Among the records that follow, set down only the lines from the one containing "Ak Riesa an der Elbe Sachsen, Neues Stadtbad" to the one containing "İçindekiler: Hurma, Hindistan", both included, exactly.

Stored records
......
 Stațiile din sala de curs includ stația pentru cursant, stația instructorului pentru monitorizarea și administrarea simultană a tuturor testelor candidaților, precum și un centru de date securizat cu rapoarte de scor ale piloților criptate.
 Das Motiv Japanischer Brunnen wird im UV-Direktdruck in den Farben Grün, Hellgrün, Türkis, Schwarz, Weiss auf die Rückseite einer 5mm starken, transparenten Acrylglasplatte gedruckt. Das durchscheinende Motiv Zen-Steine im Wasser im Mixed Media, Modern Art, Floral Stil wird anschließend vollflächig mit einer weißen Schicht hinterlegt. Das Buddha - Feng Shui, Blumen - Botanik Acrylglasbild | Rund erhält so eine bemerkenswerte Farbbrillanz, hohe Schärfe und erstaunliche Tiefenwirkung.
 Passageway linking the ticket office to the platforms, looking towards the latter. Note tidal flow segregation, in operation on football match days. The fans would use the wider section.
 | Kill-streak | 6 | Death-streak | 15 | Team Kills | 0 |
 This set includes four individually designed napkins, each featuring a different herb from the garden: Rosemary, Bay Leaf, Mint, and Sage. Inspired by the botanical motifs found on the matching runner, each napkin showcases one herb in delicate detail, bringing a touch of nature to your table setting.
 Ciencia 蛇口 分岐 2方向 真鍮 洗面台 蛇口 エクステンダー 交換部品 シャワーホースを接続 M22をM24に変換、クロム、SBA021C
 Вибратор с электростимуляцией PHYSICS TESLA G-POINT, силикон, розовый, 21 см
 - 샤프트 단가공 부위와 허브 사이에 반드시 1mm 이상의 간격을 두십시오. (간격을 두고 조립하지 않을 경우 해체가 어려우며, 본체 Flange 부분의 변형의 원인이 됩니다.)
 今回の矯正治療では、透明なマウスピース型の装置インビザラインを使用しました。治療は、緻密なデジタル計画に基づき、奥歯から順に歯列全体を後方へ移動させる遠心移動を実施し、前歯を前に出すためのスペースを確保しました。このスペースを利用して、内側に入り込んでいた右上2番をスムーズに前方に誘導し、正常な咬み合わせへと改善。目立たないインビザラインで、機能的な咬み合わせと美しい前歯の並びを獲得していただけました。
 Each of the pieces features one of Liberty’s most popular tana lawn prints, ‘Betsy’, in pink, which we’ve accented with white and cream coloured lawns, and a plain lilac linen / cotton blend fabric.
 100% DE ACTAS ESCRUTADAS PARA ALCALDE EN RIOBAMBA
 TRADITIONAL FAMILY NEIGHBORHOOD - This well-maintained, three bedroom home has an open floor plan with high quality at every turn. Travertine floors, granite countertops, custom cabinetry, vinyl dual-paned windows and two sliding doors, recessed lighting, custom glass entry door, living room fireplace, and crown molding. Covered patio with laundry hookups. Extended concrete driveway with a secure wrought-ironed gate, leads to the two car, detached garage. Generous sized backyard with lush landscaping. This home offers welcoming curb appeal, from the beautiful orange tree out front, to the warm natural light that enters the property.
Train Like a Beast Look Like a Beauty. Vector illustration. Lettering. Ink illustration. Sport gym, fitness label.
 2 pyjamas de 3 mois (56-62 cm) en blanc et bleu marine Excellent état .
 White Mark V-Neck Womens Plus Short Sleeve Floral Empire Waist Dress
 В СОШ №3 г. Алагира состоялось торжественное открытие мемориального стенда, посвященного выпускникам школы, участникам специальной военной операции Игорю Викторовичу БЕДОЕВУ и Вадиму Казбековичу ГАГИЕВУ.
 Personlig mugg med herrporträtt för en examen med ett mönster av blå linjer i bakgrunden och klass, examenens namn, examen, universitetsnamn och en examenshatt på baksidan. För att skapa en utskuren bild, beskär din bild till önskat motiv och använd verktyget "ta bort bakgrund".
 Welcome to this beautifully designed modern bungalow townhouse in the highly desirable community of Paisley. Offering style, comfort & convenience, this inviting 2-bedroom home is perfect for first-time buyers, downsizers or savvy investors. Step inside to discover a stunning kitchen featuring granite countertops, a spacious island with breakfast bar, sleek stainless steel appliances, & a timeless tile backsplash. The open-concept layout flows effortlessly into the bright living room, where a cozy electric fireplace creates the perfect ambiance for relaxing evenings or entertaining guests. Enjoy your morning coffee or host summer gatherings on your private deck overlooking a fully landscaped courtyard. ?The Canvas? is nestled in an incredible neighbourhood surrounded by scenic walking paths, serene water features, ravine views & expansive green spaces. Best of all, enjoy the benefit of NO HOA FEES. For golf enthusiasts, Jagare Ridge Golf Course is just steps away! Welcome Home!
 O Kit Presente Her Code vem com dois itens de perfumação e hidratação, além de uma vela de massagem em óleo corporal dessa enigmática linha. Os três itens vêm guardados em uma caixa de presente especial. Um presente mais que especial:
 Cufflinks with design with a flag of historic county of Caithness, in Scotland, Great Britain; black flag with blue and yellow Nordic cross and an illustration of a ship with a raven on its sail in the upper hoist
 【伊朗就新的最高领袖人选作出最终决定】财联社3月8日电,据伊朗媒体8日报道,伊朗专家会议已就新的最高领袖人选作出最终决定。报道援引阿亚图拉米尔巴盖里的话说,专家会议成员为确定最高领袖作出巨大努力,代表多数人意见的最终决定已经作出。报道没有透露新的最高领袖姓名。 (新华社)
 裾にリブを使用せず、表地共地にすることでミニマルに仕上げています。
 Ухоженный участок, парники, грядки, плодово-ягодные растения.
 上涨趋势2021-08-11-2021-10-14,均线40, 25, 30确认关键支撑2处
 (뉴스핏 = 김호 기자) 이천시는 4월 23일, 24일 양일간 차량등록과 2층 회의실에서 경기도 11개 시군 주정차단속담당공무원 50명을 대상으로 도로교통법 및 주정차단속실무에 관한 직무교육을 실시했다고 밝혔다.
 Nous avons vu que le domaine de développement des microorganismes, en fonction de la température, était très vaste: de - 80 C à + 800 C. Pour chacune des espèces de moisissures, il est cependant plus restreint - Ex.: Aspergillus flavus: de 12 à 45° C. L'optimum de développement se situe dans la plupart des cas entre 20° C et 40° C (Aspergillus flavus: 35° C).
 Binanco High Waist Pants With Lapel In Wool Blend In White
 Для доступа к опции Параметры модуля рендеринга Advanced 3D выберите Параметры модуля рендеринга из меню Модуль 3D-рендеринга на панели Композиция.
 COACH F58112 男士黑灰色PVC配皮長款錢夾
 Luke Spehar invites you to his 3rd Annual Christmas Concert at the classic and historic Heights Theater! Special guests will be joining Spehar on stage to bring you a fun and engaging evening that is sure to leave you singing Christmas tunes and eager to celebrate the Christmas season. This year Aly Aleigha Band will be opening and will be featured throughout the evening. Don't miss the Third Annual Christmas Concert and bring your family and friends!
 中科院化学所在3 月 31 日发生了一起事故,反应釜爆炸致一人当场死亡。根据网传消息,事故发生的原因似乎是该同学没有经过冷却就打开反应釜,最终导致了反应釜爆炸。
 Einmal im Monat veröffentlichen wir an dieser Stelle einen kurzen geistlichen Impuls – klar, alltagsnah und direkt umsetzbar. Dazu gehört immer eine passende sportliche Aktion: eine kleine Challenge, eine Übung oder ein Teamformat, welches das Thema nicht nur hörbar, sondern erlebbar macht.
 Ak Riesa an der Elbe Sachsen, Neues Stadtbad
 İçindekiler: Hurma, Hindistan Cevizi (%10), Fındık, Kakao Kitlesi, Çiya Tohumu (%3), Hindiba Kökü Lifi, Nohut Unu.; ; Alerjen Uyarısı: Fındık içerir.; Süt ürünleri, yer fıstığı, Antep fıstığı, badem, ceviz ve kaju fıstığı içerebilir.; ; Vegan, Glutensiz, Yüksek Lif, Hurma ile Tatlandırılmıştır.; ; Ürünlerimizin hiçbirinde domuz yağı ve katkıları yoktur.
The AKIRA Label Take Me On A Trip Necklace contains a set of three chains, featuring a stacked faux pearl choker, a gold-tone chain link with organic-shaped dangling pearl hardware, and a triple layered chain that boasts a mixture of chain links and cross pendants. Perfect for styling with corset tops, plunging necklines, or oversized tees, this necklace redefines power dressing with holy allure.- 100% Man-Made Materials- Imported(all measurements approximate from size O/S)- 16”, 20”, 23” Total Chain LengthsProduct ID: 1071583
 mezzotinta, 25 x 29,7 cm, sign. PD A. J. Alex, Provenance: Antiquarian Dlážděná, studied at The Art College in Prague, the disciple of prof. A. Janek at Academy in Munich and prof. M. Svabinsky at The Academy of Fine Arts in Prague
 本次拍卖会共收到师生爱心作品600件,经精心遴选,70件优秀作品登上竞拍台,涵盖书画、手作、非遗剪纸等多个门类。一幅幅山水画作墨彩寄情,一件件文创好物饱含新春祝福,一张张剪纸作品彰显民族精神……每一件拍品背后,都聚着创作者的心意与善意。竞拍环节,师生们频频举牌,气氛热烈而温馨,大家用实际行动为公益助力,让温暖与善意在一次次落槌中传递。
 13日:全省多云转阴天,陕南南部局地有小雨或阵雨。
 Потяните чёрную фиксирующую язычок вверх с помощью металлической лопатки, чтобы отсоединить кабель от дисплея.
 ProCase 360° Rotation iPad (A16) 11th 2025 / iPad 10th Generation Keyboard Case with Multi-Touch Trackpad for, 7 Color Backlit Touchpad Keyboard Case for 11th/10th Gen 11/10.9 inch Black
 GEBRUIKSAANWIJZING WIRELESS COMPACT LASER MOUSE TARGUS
......
→ **Exercise result**:
 Ak Riesa an der Elbe Sachsen, Neues Stadtbad
 İçindekiler: Hurma, Hindistan Cevizi (%10), Fındık, Kakao Kitlesi, Çiya Tohumu (%3), Hindiba Kökü Lifi, Nohut Unu.; ; Alerjen Uyarısı: Fındık içerir.; Süt ürünleri, yer fıstığı, Antep fıstığı, badem, ceviz ve kaju fıstığı içerebilir.; ; Vegan, Glutensiz, Yüksek Lif, Hurma ile Tatlandırılmıştır.; ; Ürünlerimizin hiçbirinde domuz yağı ve katkıları yoktur.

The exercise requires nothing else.